Task to carry out:
Print nothing except the lines of the listing below from the line with "9月9日拍攝的九華山清晨日出時分景色(無人機照片)。" to the line with "bagikanHow much times", each exactly as written, both ends included.

Data records:

=== Begin Enclosure ===

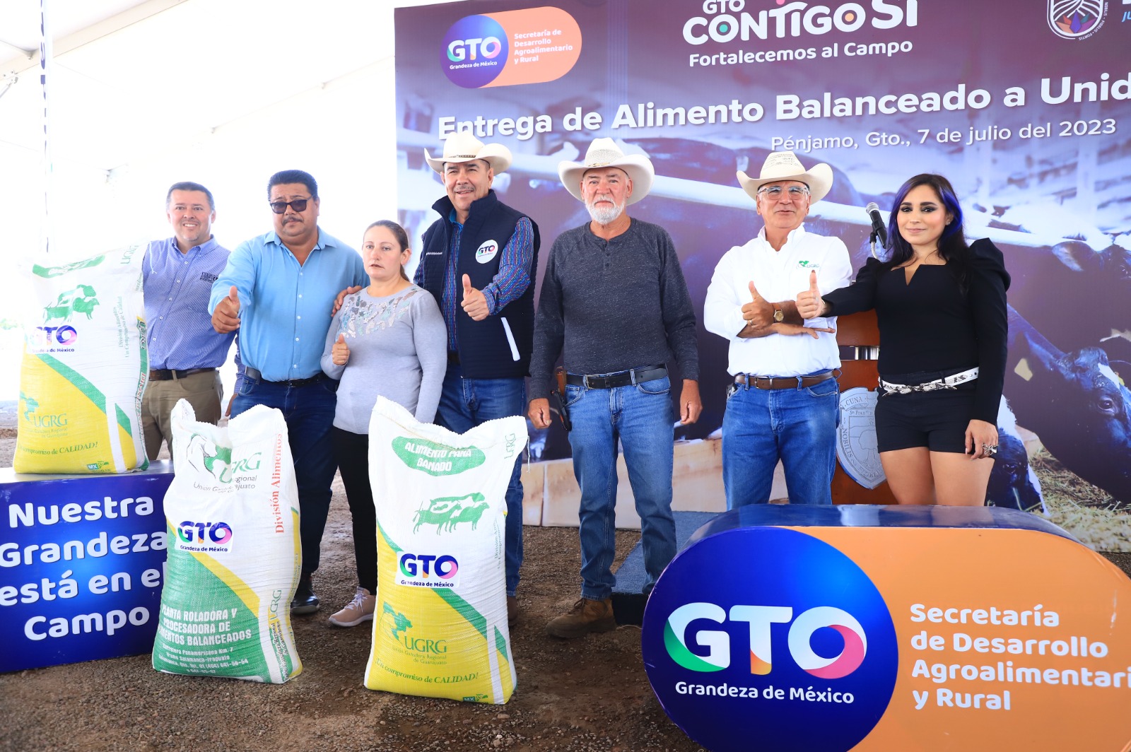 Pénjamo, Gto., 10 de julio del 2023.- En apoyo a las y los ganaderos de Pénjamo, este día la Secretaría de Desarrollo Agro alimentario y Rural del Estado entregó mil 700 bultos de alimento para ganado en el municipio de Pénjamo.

=== End Enclosure ===
=== Begin Enclosure ===

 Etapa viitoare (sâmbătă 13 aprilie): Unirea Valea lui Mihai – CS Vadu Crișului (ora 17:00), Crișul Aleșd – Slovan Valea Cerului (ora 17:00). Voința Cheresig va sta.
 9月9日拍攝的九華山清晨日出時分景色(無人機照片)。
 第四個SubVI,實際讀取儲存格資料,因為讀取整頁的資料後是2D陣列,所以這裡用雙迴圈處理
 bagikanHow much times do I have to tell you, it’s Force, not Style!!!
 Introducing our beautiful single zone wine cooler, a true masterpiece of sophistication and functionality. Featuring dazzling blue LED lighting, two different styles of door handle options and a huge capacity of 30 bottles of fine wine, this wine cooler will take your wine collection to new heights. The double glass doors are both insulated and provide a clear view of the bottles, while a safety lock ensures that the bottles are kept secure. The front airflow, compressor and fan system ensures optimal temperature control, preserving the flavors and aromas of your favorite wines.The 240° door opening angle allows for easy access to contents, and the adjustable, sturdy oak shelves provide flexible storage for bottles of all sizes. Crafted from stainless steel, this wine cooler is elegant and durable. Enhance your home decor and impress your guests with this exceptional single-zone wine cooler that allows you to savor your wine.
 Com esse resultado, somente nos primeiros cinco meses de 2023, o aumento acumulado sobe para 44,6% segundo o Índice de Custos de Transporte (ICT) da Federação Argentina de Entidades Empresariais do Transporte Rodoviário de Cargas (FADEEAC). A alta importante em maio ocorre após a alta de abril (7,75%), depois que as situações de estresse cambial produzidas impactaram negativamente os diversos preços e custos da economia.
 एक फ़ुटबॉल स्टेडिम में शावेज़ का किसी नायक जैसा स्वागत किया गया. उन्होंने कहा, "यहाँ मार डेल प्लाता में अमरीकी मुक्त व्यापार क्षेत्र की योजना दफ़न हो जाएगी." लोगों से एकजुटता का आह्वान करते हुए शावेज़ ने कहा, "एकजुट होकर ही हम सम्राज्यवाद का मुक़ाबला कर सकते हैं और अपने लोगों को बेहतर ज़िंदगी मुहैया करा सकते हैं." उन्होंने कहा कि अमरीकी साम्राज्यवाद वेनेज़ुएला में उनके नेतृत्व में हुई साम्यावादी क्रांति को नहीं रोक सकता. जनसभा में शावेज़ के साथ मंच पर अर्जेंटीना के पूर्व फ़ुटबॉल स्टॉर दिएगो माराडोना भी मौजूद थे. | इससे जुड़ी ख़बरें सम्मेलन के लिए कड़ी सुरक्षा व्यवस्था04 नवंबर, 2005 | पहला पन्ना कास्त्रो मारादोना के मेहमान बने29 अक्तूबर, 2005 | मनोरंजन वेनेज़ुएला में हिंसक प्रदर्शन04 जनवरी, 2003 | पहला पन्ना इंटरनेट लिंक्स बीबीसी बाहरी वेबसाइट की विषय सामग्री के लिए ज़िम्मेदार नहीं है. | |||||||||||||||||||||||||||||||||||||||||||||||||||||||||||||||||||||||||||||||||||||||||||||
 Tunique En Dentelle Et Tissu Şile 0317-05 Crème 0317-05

=== End Enclosure ===
=== Begin Enclosure ===

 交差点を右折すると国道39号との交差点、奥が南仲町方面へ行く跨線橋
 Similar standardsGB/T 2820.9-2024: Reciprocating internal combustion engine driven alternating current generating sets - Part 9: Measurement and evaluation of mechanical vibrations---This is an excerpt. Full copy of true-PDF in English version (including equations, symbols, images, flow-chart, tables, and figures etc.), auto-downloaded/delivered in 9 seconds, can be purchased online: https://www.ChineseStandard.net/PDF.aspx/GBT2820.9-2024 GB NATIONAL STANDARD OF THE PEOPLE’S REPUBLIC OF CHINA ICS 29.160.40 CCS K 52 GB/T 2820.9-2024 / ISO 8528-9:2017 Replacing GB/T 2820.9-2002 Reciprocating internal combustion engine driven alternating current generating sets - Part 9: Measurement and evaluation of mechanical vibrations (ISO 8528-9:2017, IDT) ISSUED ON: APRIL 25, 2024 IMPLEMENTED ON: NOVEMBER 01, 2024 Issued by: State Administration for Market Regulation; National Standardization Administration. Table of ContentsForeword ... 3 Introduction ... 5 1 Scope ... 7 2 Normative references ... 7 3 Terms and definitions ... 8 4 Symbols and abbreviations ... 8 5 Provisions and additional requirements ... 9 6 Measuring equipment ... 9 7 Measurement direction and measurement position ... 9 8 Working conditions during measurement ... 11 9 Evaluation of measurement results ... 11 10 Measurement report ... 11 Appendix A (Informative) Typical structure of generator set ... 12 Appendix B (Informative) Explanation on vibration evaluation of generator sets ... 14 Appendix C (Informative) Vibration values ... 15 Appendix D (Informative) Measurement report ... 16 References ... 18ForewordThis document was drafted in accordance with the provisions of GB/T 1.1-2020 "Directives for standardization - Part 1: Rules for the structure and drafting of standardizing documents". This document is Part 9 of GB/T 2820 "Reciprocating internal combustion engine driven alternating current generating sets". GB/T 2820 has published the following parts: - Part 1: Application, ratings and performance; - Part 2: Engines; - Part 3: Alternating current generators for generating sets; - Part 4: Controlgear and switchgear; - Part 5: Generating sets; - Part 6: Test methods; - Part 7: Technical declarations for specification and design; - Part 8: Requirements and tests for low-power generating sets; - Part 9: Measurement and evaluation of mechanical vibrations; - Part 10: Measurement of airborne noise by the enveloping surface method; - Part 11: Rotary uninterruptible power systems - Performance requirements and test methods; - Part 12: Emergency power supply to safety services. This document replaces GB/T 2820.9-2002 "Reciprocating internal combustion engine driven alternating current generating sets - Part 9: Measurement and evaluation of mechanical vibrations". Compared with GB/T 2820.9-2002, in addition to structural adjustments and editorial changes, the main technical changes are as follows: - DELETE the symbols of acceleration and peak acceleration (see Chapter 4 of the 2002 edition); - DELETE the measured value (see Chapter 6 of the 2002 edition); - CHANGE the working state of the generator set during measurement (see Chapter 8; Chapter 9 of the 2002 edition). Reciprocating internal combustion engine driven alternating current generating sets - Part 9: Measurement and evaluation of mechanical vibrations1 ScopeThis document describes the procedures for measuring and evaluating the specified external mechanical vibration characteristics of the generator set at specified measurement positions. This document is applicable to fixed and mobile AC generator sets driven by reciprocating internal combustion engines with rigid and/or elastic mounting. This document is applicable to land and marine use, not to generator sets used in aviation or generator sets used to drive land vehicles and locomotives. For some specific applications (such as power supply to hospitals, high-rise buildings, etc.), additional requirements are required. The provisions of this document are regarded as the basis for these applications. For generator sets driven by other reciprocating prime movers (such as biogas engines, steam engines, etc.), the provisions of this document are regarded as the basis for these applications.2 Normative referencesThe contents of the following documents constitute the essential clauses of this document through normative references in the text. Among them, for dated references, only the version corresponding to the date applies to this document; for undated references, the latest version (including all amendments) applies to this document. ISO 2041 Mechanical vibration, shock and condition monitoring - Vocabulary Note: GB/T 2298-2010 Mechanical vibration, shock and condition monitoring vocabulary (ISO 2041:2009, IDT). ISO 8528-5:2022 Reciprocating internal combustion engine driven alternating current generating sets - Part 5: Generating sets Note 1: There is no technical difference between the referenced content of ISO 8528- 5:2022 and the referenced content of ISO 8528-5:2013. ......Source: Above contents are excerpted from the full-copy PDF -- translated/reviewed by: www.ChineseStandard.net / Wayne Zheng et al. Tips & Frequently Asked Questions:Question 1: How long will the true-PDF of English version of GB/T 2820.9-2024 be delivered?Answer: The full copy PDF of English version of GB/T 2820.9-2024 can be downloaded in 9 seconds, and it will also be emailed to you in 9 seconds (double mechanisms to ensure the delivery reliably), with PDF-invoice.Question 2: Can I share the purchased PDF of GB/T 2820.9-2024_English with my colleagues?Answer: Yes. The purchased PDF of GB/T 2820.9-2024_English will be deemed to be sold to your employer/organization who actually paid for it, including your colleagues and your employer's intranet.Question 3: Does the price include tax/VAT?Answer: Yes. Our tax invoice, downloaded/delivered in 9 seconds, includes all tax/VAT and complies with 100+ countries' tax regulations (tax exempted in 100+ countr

=== End Enclosure ===

Solution to the problem:
 9月9日拍攝的九華山清晨日出時分景色(無人機照片)。
 第四個SubVI,實際讀取儲存格資料,因為讀取整頁的資料後是2D陣列,所以這裡用雙迴圈處理
 bagikanHow much times do I have to tell you, it’s Force, not Style!!!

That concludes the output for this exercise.